_EXERCISE GOAL_
Could you please retype exactly the lines from the start of the records below through the line that contains "Un watershort de", both included, and leave out the pictures?

[Source records]
- Opening Delimiter -

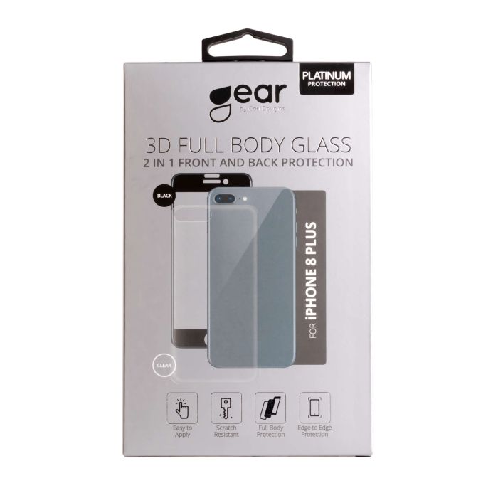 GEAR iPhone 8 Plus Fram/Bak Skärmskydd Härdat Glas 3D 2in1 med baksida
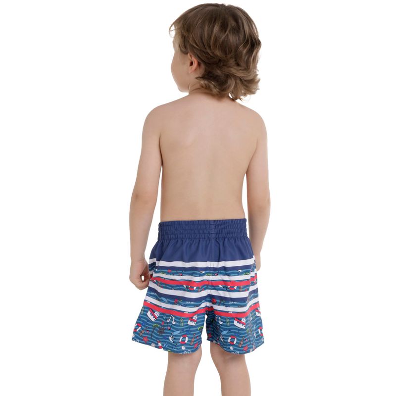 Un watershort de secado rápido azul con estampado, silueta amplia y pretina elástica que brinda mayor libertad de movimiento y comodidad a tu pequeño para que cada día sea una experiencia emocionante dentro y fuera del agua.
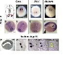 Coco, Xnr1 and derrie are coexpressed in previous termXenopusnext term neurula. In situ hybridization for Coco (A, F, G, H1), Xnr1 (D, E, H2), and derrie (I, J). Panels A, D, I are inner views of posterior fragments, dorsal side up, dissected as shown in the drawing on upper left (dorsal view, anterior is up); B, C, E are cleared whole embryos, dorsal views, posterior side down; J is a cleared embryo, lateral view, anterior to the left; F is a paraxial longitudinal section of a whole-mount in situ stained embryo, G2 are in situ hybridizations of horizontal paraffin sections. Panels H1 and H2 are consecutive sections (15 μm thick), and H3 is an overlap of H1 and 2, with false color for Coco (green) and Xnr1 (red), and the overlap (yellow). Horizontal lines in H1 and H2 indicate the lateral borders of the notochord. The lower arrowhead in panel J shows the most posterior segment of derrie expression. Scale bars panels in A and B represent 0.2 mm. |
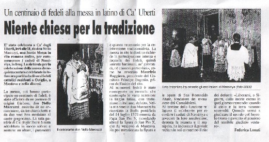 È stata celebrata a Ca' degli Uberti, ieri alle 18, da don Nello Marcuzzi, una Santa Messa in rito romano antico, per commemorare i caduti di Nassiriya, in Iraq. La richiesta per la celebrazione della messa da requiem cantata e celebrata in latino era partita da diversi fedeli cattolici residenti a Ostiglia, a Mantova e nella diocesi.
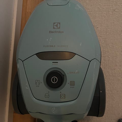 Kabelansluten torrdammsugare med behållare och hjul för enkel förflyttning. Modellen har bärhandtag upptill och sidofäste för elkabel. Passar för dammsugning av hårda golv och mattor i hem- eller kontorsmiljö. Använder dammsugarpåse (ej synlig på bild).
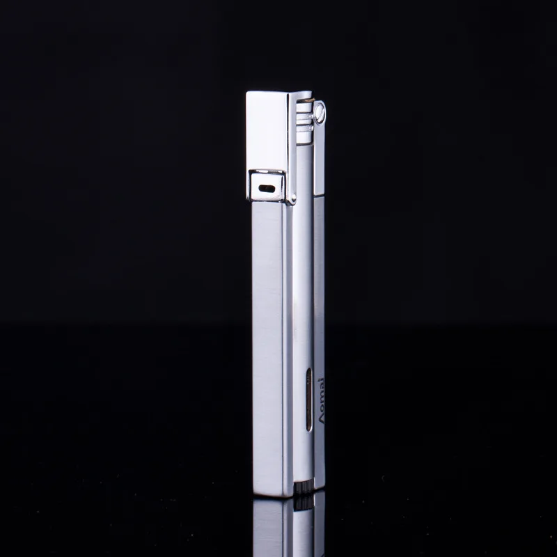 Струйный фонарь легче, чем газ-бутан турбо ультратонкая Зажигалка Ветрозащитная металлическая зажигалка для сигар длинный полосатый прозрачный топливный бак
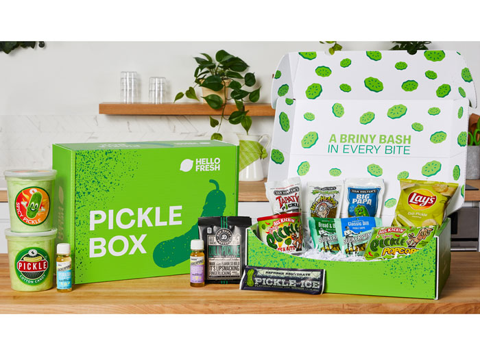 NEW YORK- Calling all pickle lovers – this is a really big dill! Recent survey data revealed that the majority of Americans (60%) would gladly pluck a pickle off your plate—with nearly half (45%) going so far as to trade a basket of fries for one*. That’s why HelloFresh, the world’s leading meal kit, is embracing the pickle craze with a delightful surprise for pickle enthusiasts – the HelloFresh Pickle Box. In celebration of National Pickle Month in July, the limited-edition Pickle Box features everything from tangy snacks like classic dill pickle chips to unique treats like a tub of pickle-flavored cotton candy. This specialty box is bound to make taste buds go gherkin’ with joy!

- Closing Delimiter -

_EXERCISE RESPONSE_
 GEAR iPhone 8 Plus Fram/Bak Skärmskydd Härdat Glas 3D 2in1 med baksida
 Un watershort de secado rápido azul con estampado, silueta amplia y pretina elástica que brinda mayor libertad de movimiento y comodidad a tu pequeño para que cada día sea una experiencia emocionante dentro y fuera del agua.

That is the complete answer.